Lou Reed had been in mourning for the past few years – at least when it came to his albums. In the late ’80s and early ’90s, the middle-aged rocker had delivered an epitaph for the Big Apple (New York) and a tribute to the late Andy Warhol (Songs for Drella), created in collaboration with his old Velvet Underground bandmate John Cale.

When he began work on his 16th studio album in 1991, Reed didn’t plan on continuing to sift his music through a black veil. But life – or, perhaps, death – had other plans.

“I was originally going to write an album about magic … the desire for magic in life … the magic of transformation … the idea of a man turning into a bird,” Reed told the Los Angeles Times in 1992. “But my two friends died during this time and I wrote ‘What’s Good’ and that started the other songs, not necessarily in order you find them on the album. It was painful to write, but it was obvious what it was about. All I had to do was look at that line, ‘What good is cancer in April,’ and I knew.”

So the songwriter combined the two themes on Magic and Loss, eventually discovering a balance between the enchanting wonders of life and the fragile mortality of human beings. Or, as Reed intones on the final, title track, “There’s a bit of magic in everything and then some loss to even things out.”

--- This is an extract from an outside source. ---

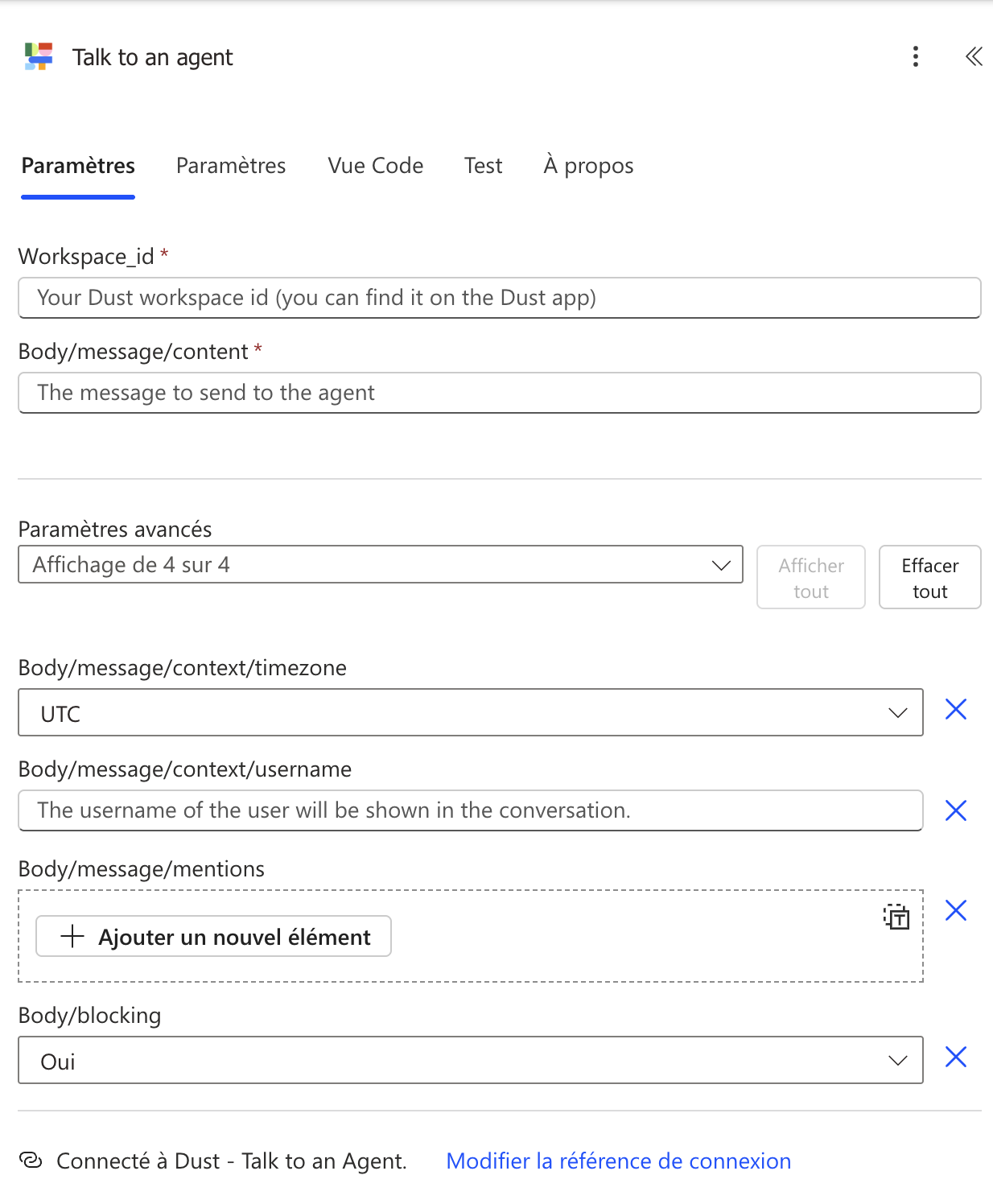 - Select the Dust connector you want to use (either Talk to an Agent or Upload document)

Reed suggests loss in the lyrics of these dozen songs via hospital visits, tubes in arms and defunct phone numbers. The newly christened elder statesman draws on his familiar deadpan poetry to grieve for his friends: legendary songwriter Doc Pomus and Warhol “Factory” pal Rotten Rita. The music on Magic and Loss is often as unadorned as Reed’s delivery, riding chugging guitars and simple percussion, with a hint of magic to be found in bendy bass turns and the occasional, ragged freakout.

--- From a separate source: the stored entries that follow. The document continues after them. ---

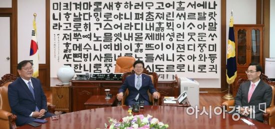 박병석 국회의장이 5일 국회 의장실에서 김태년 더불어민주당 원내대표와 주호영 미래통합당 원내대표와 회동을 갖고 있다. 이 자리는 박 의장이 21대 전반기 국회 원구성을 협상하기 위해 마련했다./윤동주 기자 doso7@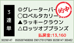 1着:○ロベルタカリーナ(3人気) 2着:◎グレーターバーチュ(1人気) 3着:注オプティクス(4人気) 3連単:10-9-8:400円x32.9倍=13,160円 [hit_race:https://yoso.sp.n...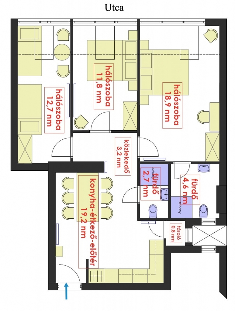 szoba 18.9 m²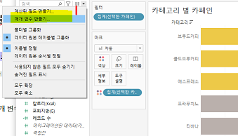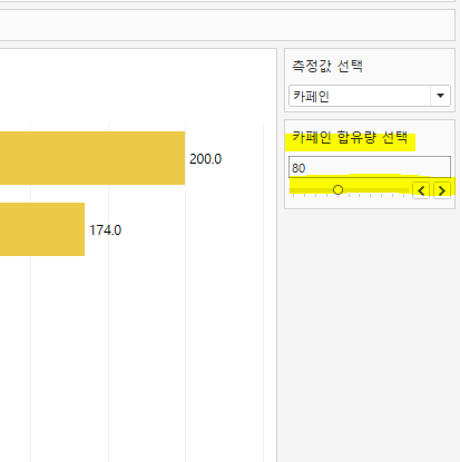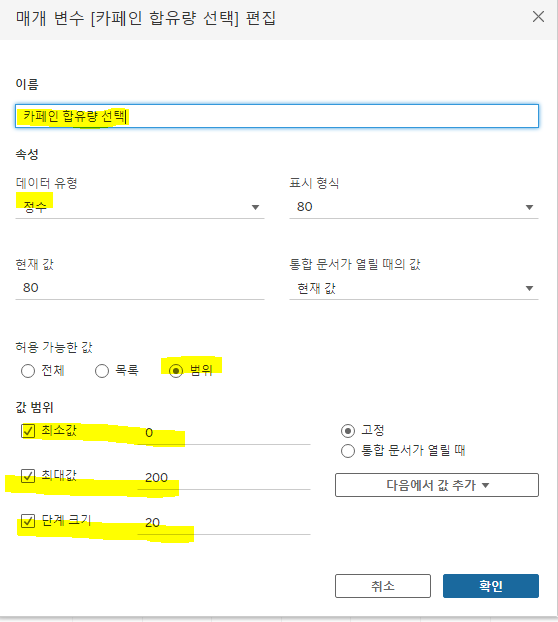 같은 방법으로 이번엔 카페인 함유량을 선택할 수 있는 매개 변수를 만든다.

“I just hope it doesn’t start getting thought of as this terrible down death album, because that’s not at all what I mean by it,” the rock legend said to the Chicago Tribune. “I think of it as a really positive album, because the loss is transformed magically into something else. The way these two people face these things. They were giants throughout their lives and they were giants in these situations also, and a lot can be learned from them. I was very lucky to know them through all of it.”

Despite its perception as a difficult album, Magic and Loss became one of Reed’s most successful albums after it was released on Jan. 14, 1992. Greeted with warm, even effusive, reviews from many rock writers, the record became his highest-charting U.K. LP (No. 6) and boasted the U.S. No. 1 Modern Rock Tracks single “What’s Good.” The praise and success shocked Reed.

“Astonished would cover it. It’s very strange,” he told Neil Gaiman after the album came out. “In a sense it’s my dream album, because everything finally came together to where the album is finally fully realized. I got it to do what I wanted it to do, but commercial thoughts never entered into it, so I’m just stunned.”